I guess it’s time for Linux? WSL2 is premature and don’t have multiple GPU support yet. I feel that Windows is just not very loved.
Are you Running another Process while Learning Like Eval for Example
I am also getting this error on: Windows 10; TF 2.3; Python 3.7
tensorflow.python.framework.errors_impl.UnknownError: Failed to rename: path\trial_5a095c02600a30dc086a9efe046b1272\checkpoints\epoch_0\checkpoint_temp/part-00000-of-00001.data-00000-of-00001 to: path\trial_5a095c02600a30dc086a9efe046b1272\checkpoints\epoch_0\checkpoint.data-00000-of-00001 : Access is denied. ; Input/output error [Op:MergeV2Checkpoints]

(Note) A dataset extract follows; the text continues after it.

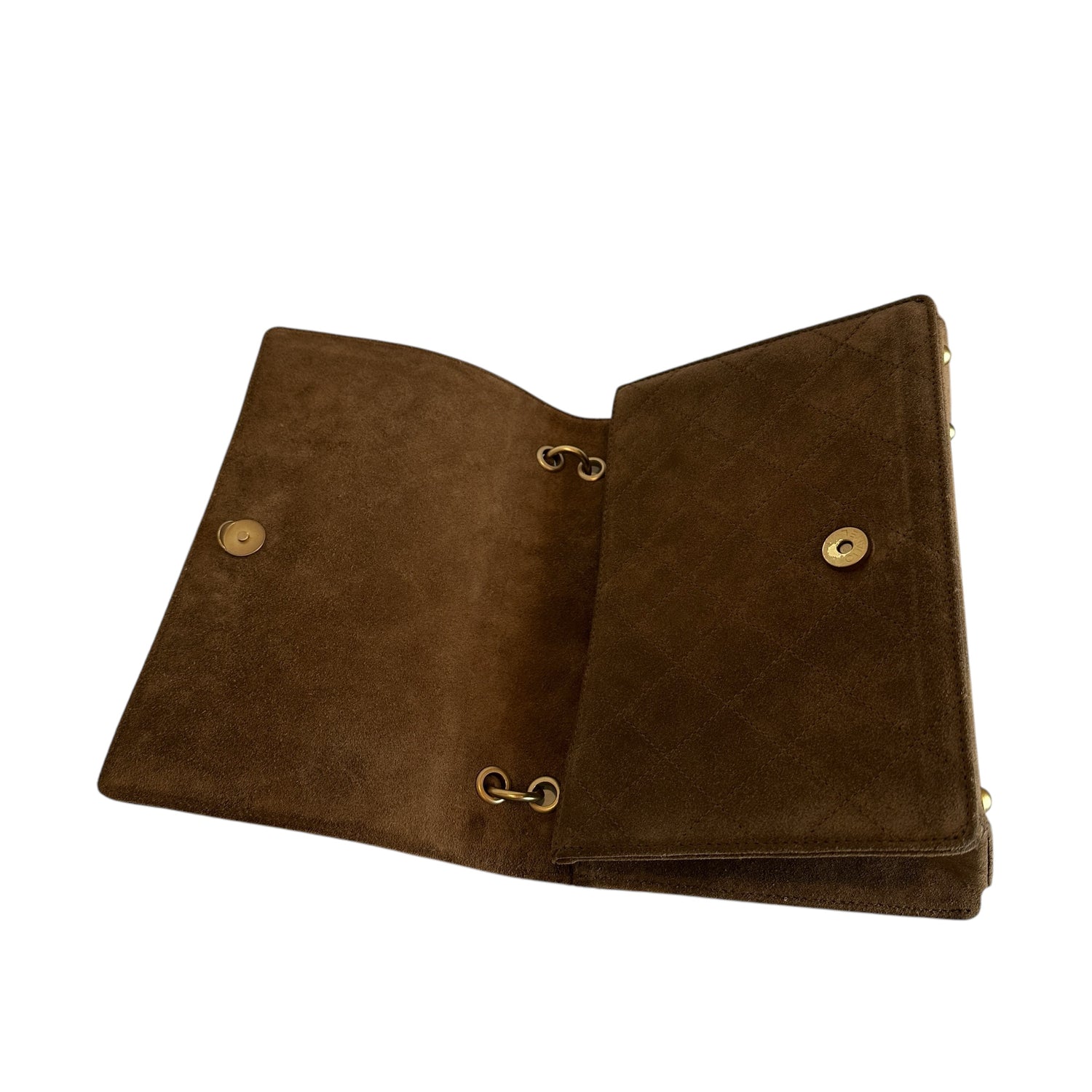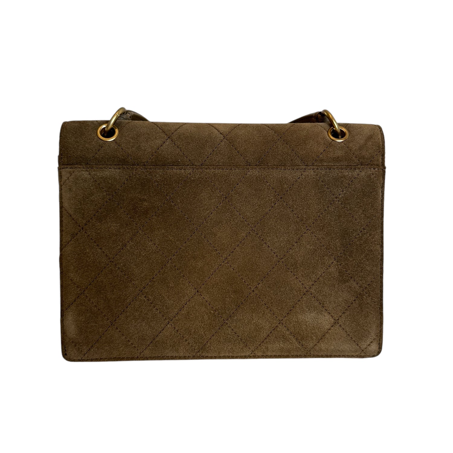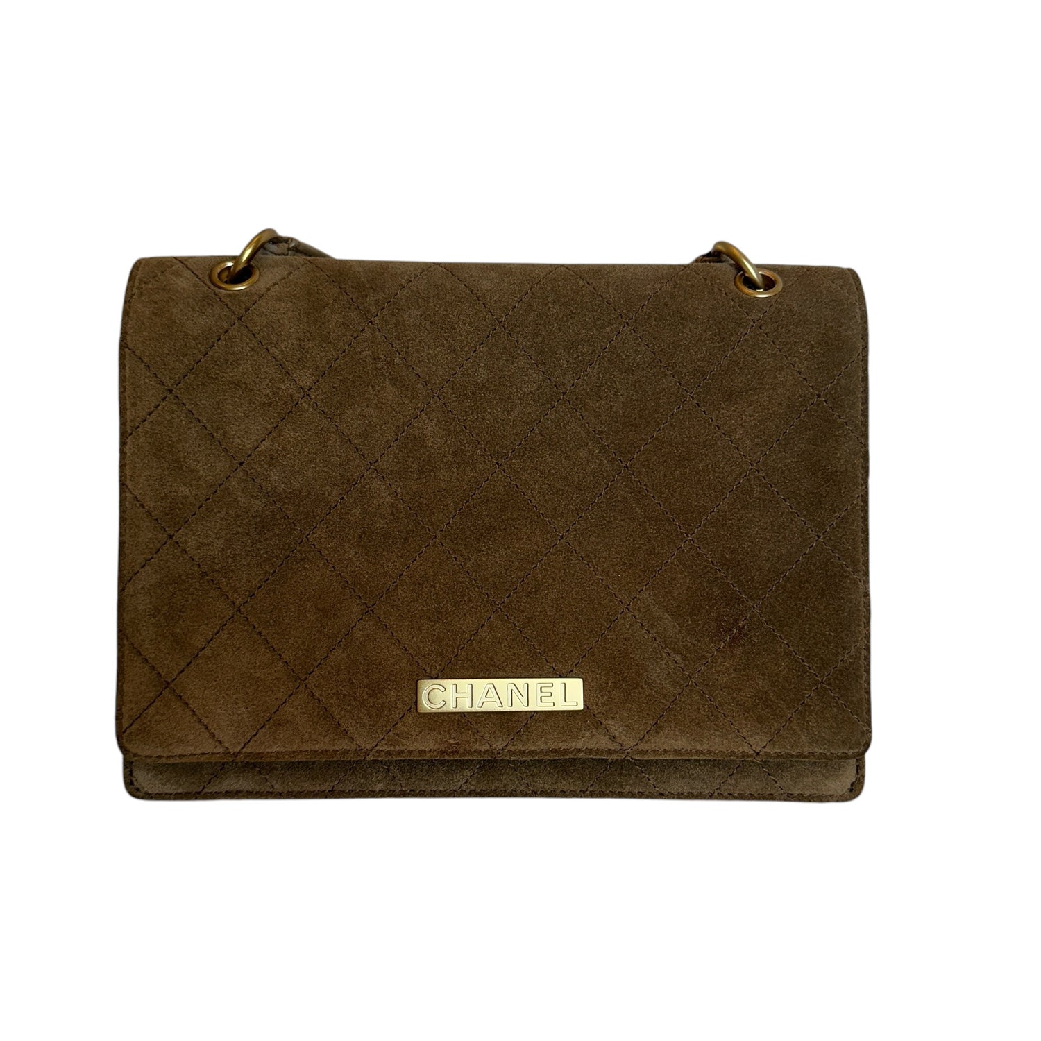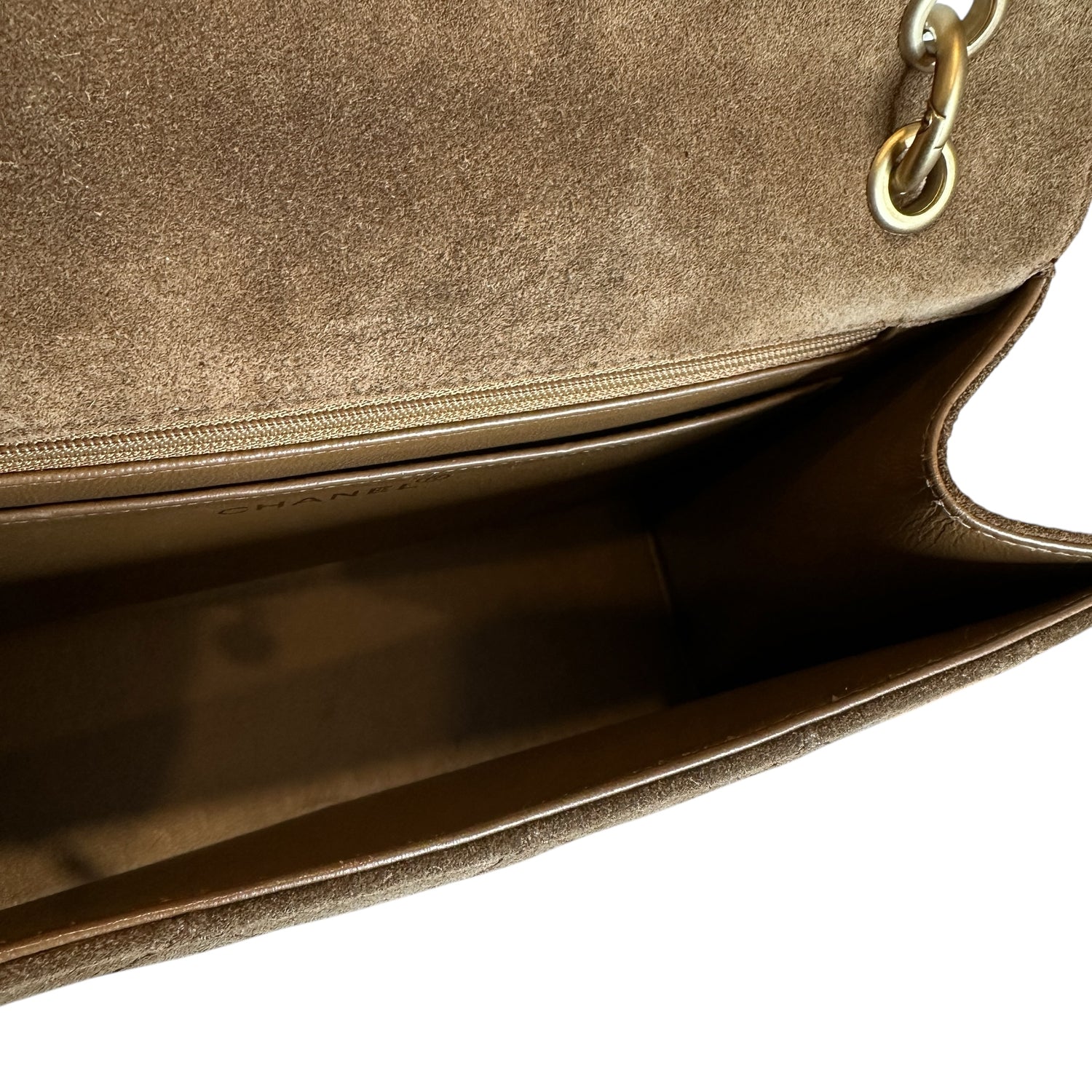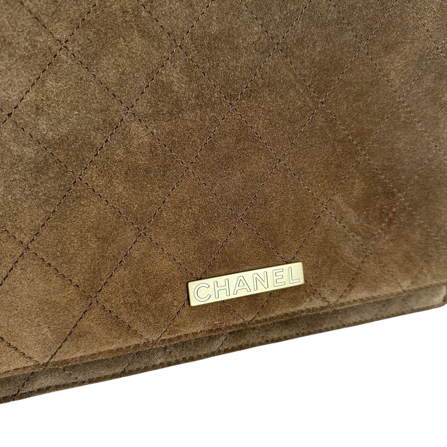 Chanel brown suede flap bag. Diamond quilted brown suede. Gold-tone hardware. Magnetic snap closure at flap. Interior zipper pocket.

Unfortunately @dtmaidenmueller workaround did not work for me. I am also using Windows 10 Enterprise, with Python 3.8.5, Tensorflow 2.3.0 and Keras-Tuner 1.0.1. I am also saving the results for visualization on TensorBoard. Tensorflow was installed without conda. The error started to appear only when I increased the number of maximum trials for the tuner from 30 to 150 (and above) and changed the python script I was using to call the keras-tuner to a function, which is now called by another python script.
Is there anyone who works on tensorflow.python.io who could comment on why, sometimes, the ‘overwrite’ flag for ‘rename’ from that subpackage does nothing? It would be cleaner to fix the underlying code than to proceed with my workaround.